We undertook a retrospective observational study to assess the use of Ceftazidime/avibactam and evaluated prescribing against applied standards.

Results

Between August 2017 and January 2019, 28 patients received 31 courses of Ceftazidime/avibactam. Prescribing according to the approved indications was observed for 68% of prescriptions (p<0.0001). Duration of therapy was often prolonged but improved with Antimicrobial stewardship interventions. We observed 56% susceptibility (15/27 isolates) of MDR organisms (Pseudomonas, Klebsiella, Burkholderia, Enterobacter aerogenes, Achromobacter). We also report first in vivo experience to treat pulmonary disease caused by Non-tuberculous mycobacteria (NTM). Ceftazidime/avibactam was well tolerated, with no evidence of development of resistance at six months follow-up.

Conclusions

Our study showed that Antimicrobial stewardship interventions led to a more appropriate use of Ceftazidime/avibactam (as measured by duration of therapy), preserving it as a treatment option for MDR infections.



中文翻译:

头孢他啶/ avibactam在英国三级心肺专科中心的经验

目标

抗菌素耐药性是对公共卫生的主要威胁。已经开发出诸如头孢他啶/ avibactam的新药来治疗耐多药(MDR)病原体。
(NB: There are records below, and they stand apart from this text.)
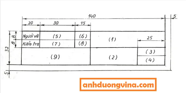 Dưới đây là mẫu khung tên căn bản mà bạn nào từng học qua môn vẽ kỹ thuật cũng sẽ biết mẫu khung tên này , thường các thầy giáo sẽ bắt chúng ta vẽ tay trước khi bắt đầu vẽ máy bằng autocad
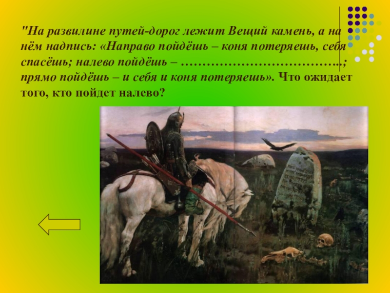 пойдёшь – коня потеряешь, себя спасёшь; налево пойдёшь – ………………………………..; прямо пойдёшь – и себя и коня потеряешь». Что ожидает того, кто пойдет налево?
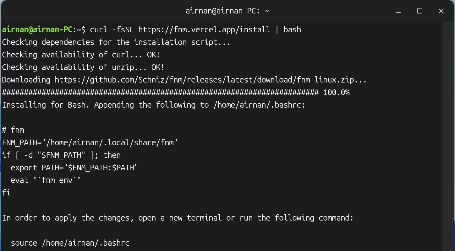 curl -fsSL https://fnm.vercel.app/install | bash安装完成后会自动添加环境变量:
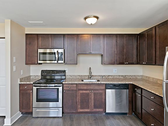 Goose-neck pull-out faucetsSpacious light-filled apartment homesHigh ceilingsGranite counter topsDesigner plank flooringStainless steel appliances
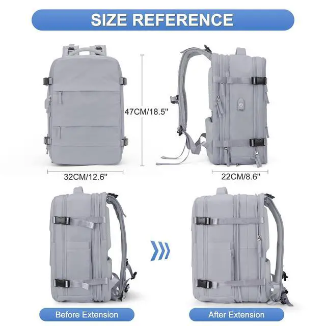 ^^ USB Port DesignThis backpack has a USB charging port, which can be connected to a power bank inside the bag, and a cell phone connected to the outside of the bag through a data cable, allowing you to charge your cell phone or iPad while walking, reducing the burden on your hands and avoiding miss information. Please note that the backpack does not come with a power bank and data cable, it is only for the convenience of mobile phone charging. ^^ Approved By Most FlightsExternal dimensions are 18.512. 68.6 inches (HWD), 2.8 lbs weight (manual measurement, for reference only, subject to actual measurement).
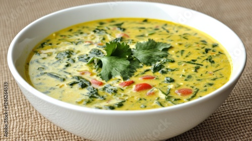 Creamy Spinach Soup with Fresh Herbs and Colorful Vegetables
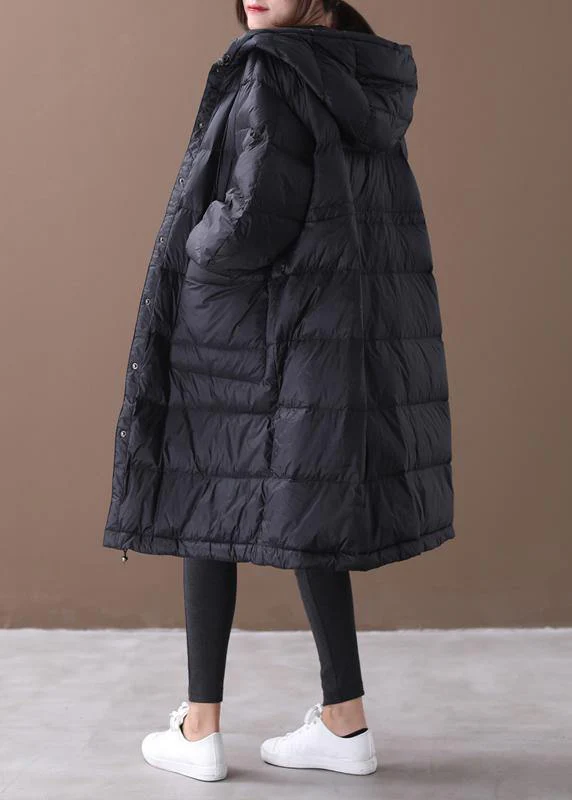 New plus size winter jacket black hooded zippered duck down coat

易感性可能会有所不同,使用不当会给国家卫生局(NHS)造成财务压力。迫切需要确保这些新的和宝贵的抗菌药物得以保存和有效使用。

方法

我们进行了一项回顾性观察研究,以评估头孢他啶/ avibactam的使用并评估所应用标准的处方。

结果

在2017年8月至2019年1月之间,有28名患者接受了31疗程的头孢他啶/阿维巴坦治疗。68%的处方符合批准的适应症规定(p <0.0001)。治疗时间通常会延长,但通过抗菌素管理干预可以改善治疗时间。我们观察到MDR生物(假单胞菌,克雷伯菌,伯克霍尔德氏菌,产气肠杆菌,无色杆菌)的敏感性为56%(15/27个分离株。我们还报告了治疗非结核分枝杆菌(NTM)引起的肺部疾病的首次体内经验。头孢他啶/ avibactam的耐受性良好,随访六个月没有证据显示耐药性的发展。

结论

我们的研究表明,抗菌药物管理干预导致头孢他啶/ avibactam的使用更加合适(按治疗持续时间衡量),将其保留为MDR感染的治疗选择。